Downloading a single file¶
Sometimes, you just want to download a single file (caching it locally and
checking the hash to make sure you have the right one). In these cases,
pooch.Pooch
is overkill and requires too much setup.
For that, pooch.retrieve
is what you want:
from pooch import retrieve
# Download the file and save it locally. Will check the MD5 checksum of
# the downloaded file against the given value to make sure it's the right
# file. You can use other hashes by specifying different algorithm
# names (sha256, sha1, etc).
fname = retrieve(
# URL to one of Pooch's test files
url="https://github.com/fatiando/pooch/raw/v1.0.0/data/tiny-data.txt",
known_hash="md5:70e2afd3fd7e336ae478b1e740a5f08e",
)
The file is stored locally, by default in a pooch
folder in the default
cache location of your operating system (see pooch.os_cache
).
Running this code a second time will not trigger a download, same as with
pooch.Pooch.fetch
.
If you don’t know the hash of the file, you can set known_hash=None
to
bypass the check. If this is the case, retrieve
will show a log
message with the SHA256 hash of the downloaded file.

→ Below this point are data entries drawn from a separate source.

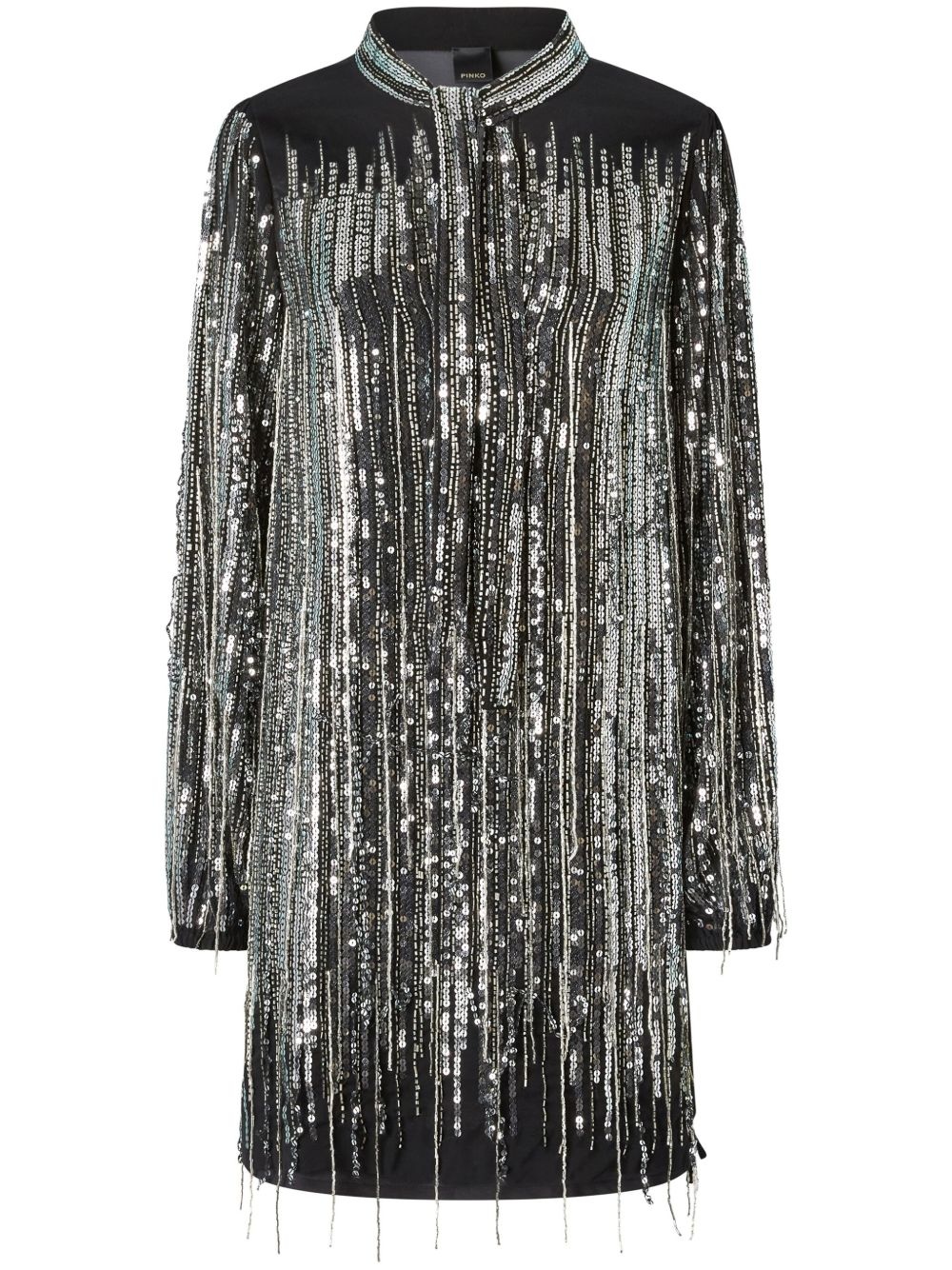 sequined mini dress Highlights - Black - Band collar - Long sleeves - Shift style - Straight hem Imported Composition Polyester 100% Washing instructions Hand Wash
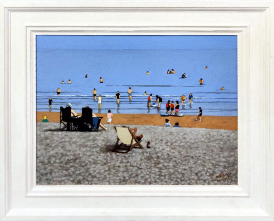 Everybody is making the most of the sunshine down at the beach! A lovely visual, offered framed and signed by the artist.
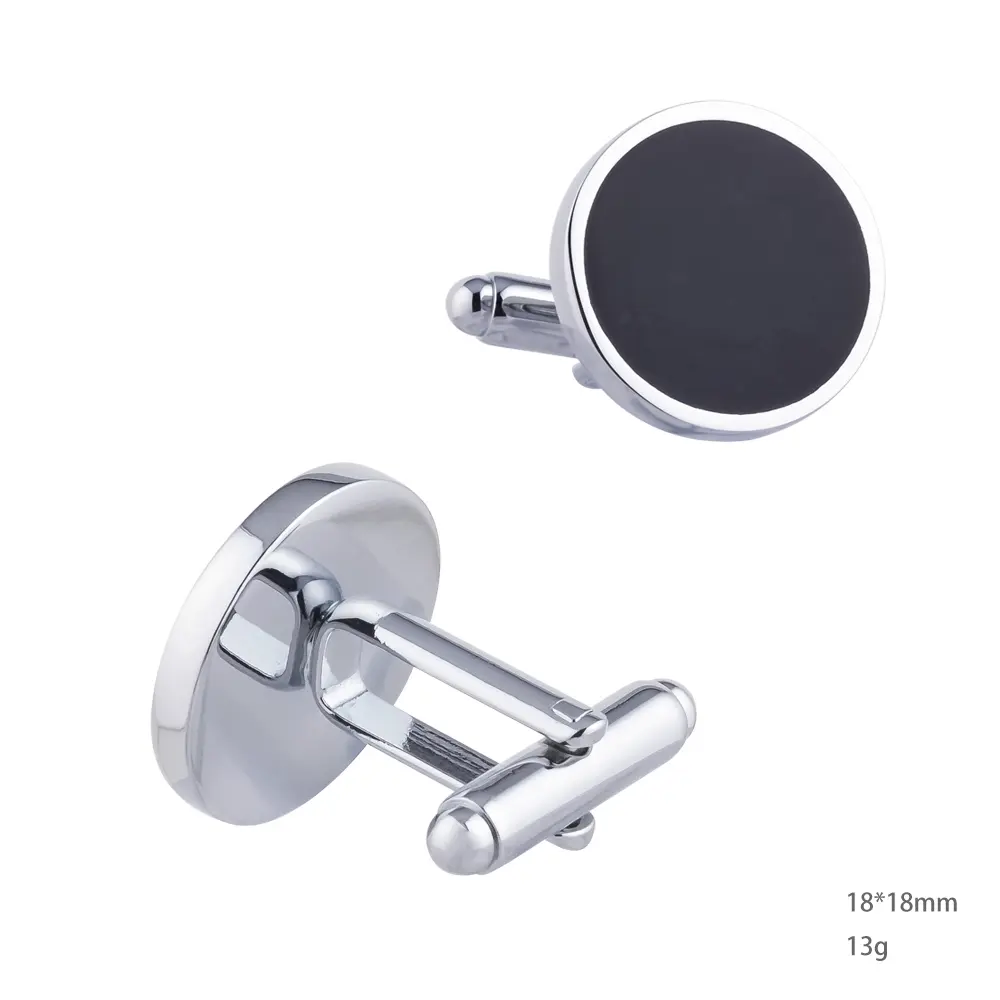 Factory Best Selling Round Shape Simple Black Enamel Cufflinks Customizable Low Price CC-Q015
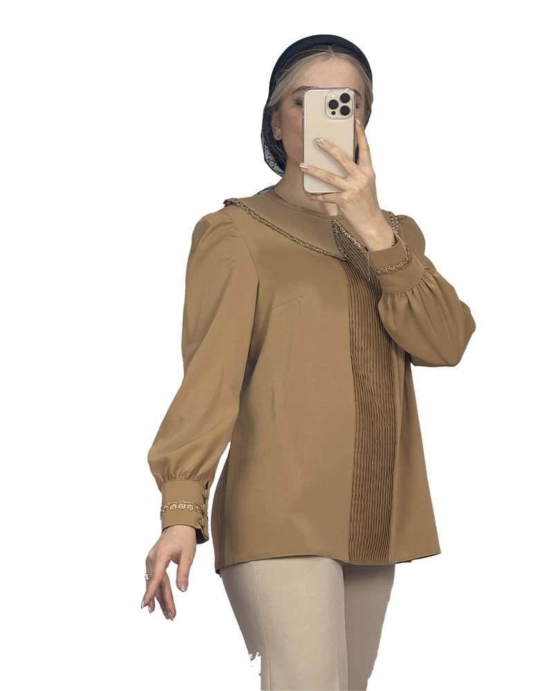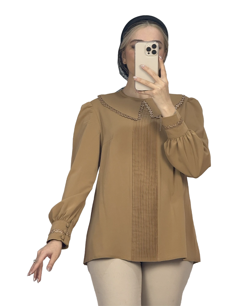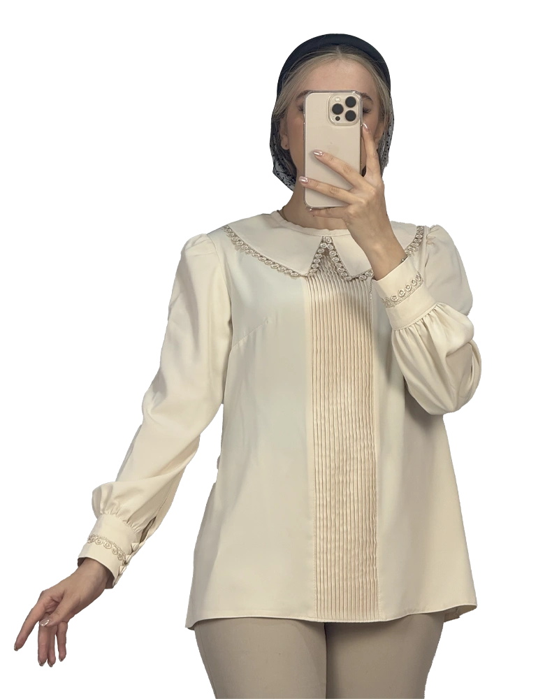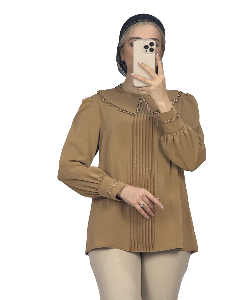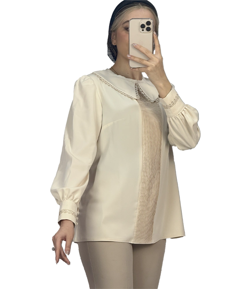 طراحی یقهی شومیز ژاکلین، کاردار و پهن است که با نوار گیپوری تزیین شده. این جزئیات ظریف، استایل شومیز را از یک طراحی ساده به مدلی خاص و شیک تبدیل کرده و جلوهای کلاسیک به آن بخشیده است.
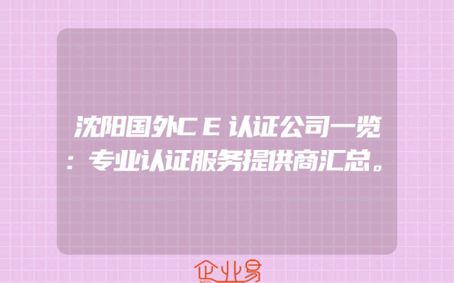 - 沈阳国外CE认证公司一览:专业认证服务提供商汇总。
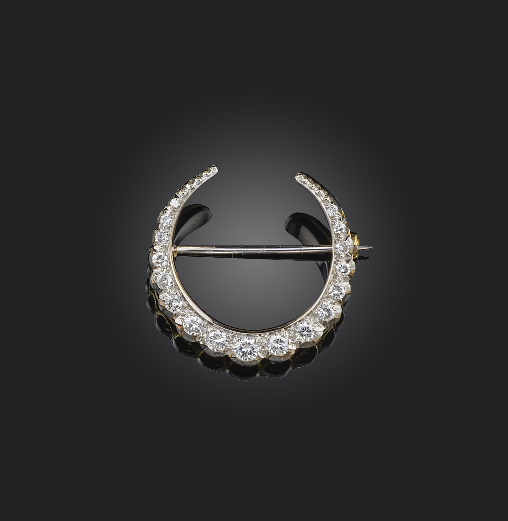 A diamond brooch, designed as a crescent moon, set with a line of graduated brilliant-cut diamonds,
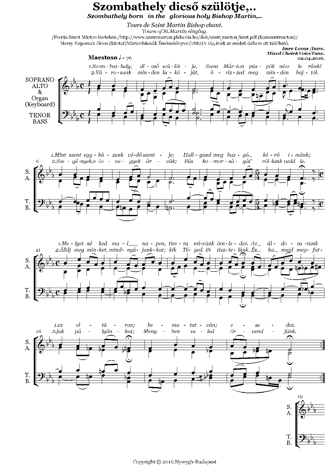 | Work Title | Szombathely dicső szülötte St. Martini |
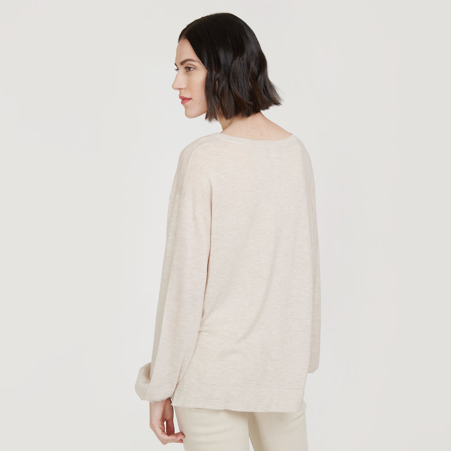 Made with the finest cashmere, this lightweight tunic is ideal when you want to achieve that casual effortless look. The split side seams and balloon sleeves adds just enough detail for the style you are trying to achieve. Pair with flowy linen pants or denim shorts.
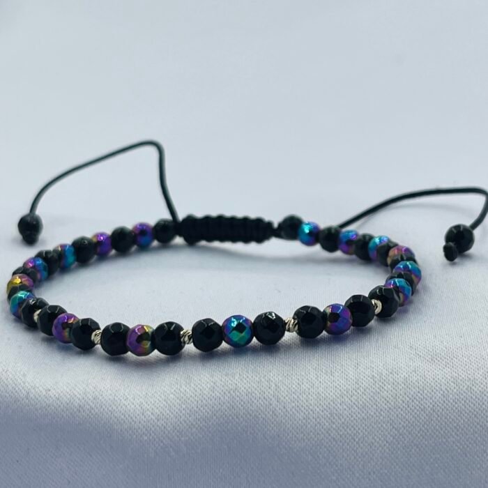 Bratara cu hematit albastru fatetat si 5 bilute din aur 14k
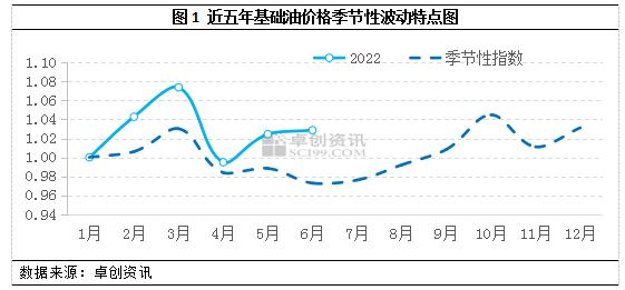 022年二季度,国内基础油市场价格走势逐渐脱离历史季节性规律。在传统基础油市场运行规律中,一般3-4月份为第一个消费旺季,5月份处于一个旺转淡的过渡期,6-7月份则进入传统消费淡季,而在这不同的阶段中,价格表现亦有所不同。图1为基础油价格的季节性波动特点,图中的两条线分别为2022年与历史(过去五年)的季节性指数,我们先从历史季节性指数来看,往年的4-8月份,历史季节指数数值一般低于1,在这个阶段,基础油市场整体处于下跌趋势,4-5月下跌速度较为缓慢;5-6月份,下跌速度有所加快。而从2022年的季节指数来看,4月份的季节指数低于1,基础油市场出现轻微下滑,整体符合季节性波动特点,但从5月份开始,在供需两弱的背景下,基础油市场价格却不断延续高位上行走势,也就是说当前的基础油市场已逐渐脱离历史季节性规律。

It’s highly recommended
that you copy and paste this hash into your code and use it as the
known_hash
. That way, the next time your code is run (by you or someone
else) you can guarantee that the exact same file is downloaded. This is a way
to help make sure the results of your code are reproducible.
Function retrieve
has support for all of Pooch’s
custom downloaders and
post-processing hooks. So you can use HTTP and FTP (with or
without authentication), decompress files, unpack archives, and print progress
bars with a bit of configuration.
Note
This function is meant for downloading single files. If you need to
manage the download and caching of several files, with versioning, use
pooch.create
and pooch.Pooch
instead. See Training your Pooch.